Because of this, your knowledge will be solid.
It will contain a high level of certainty. You know stuff
- but, more importantly - you know that you know it - because
you have put it into daily use and found out what it's good
for.
Your student lives in a different world from
you however. Chances are that they have relatively few opportunities
to test the knowledge that you have helped them gain. Unless
your student is a professional musician, songwriter, arranger,
record producer or whatever they will not have the same demand
to consolidate their knowledge.
So My Golden Rule Number 10 says:
Periodically examine, revise and consolidate
your students music theory knowledge
The word 'revision' has a bit of a poor reputation
in mainstream education. It usually means 'going back over
what you have been studying so as to prepare for a written
examination'. Now, in my view, the examination-based culture
in mainstream education is an evil necessity created mostly
by the economics and politics that surround the subject.
From a purist's point of view, to revise in
preparation for an exam is all wrong! It's wrong because it
has the examination as an end result. Better to work the other
way round: Study, Examine (to discover what needs revising)
then Revise (in order to consolidate knowledge).

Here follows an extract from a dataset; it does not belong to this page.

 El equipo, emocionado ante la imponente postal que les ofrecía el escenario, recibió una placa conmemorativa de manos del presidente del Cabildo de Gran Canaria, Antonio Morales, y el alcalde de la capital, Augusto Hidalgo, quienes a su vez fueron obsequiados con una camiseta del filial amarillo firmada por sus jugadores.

When you are teaching people on a one to one
basis, or in very small groups, then you can afford the luxury
of working this way round. You could put your students through
a massive annual examination that causes all kinds of stress
and can only lead to either a sense of failure (if the exam
goes poorly) or falsely-grounded success (passing an exam
proves that you have the ability to pass exams - it does not
necessarily make you a musician).
Alternatively you put your students through
many small examinations as you go along. Each exam has, as
its sole purpose, the goal of revealing which bits of knowledge
the student has confidence in and can use to good effect and
which bits of knowledge need further work.

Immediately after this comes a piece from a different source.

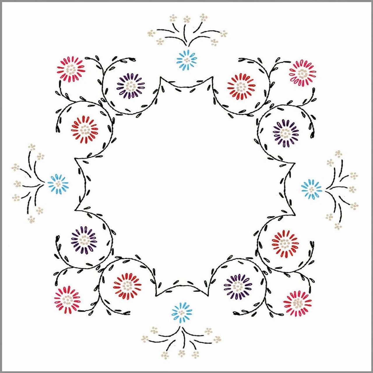 • These quilt blocks are ready for stitching with pink, blue, and purple flowers in a geometric wreath of green vines.

So having got as far as explaining the circles
of fifths and fourths as a means of establishing key signatures.
You check your student out by asking them to transpose a chord
sequence or two. Or you get them to write out all the notes
in the key of E major. Or simply ask a question or two along
the lines of:
"How many flats in the key of Ab and what are
they?"
You do this repeatedly until either: It becomes
apparent that they have not grasped the theory well enough
yet to put it into use. or They show signs of confidence,
certainty and fluidity in applying what you have helped them
learn.
In the first case, you would then help them
revise the subject (always from the bottom up) until you found
the level at which they got stuck and help them get unstuck.
In the second case you make a note that they
are ready to proceed to the next level of theory.

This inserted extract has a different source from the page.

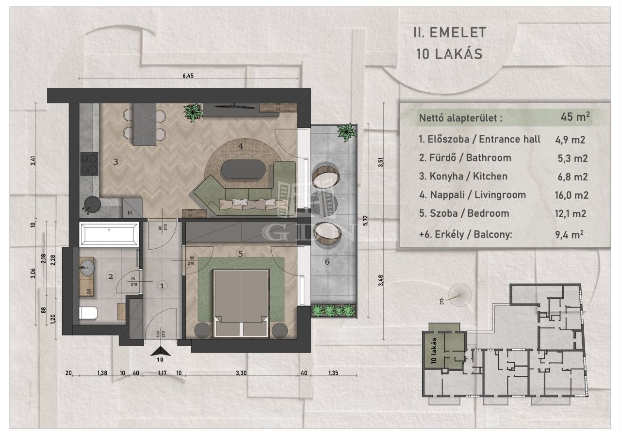 | 45 m2Alapterület | 2 Szoba |

However these mini-exams go, they should result
in the students' confidence being increased. Either because
you immediately pick up and sort out any confusions with the
subject, or because you confirm their competence with the
subject. Frequent short examinations (10 minutes maximum)
followed either by instant revision or by confirmation of
competence, will build your clients' confidence and help them
consolidate their knowledge. Far better than one massive exam
at the end of the year, by which time it is generally too
late to undo the damage done by continuing to teach later
levels over poorly consolidated basics.
So don't wait until the end of the year to discover
that the student you are now struggling to teach arpeggio-based
jazz improvisation actually fell asleep right after the first
lesson when you failed to check his understanding of the word
'note'. (All this time he's been working on the basis that
a 'note' is something you leave out for the milkman!).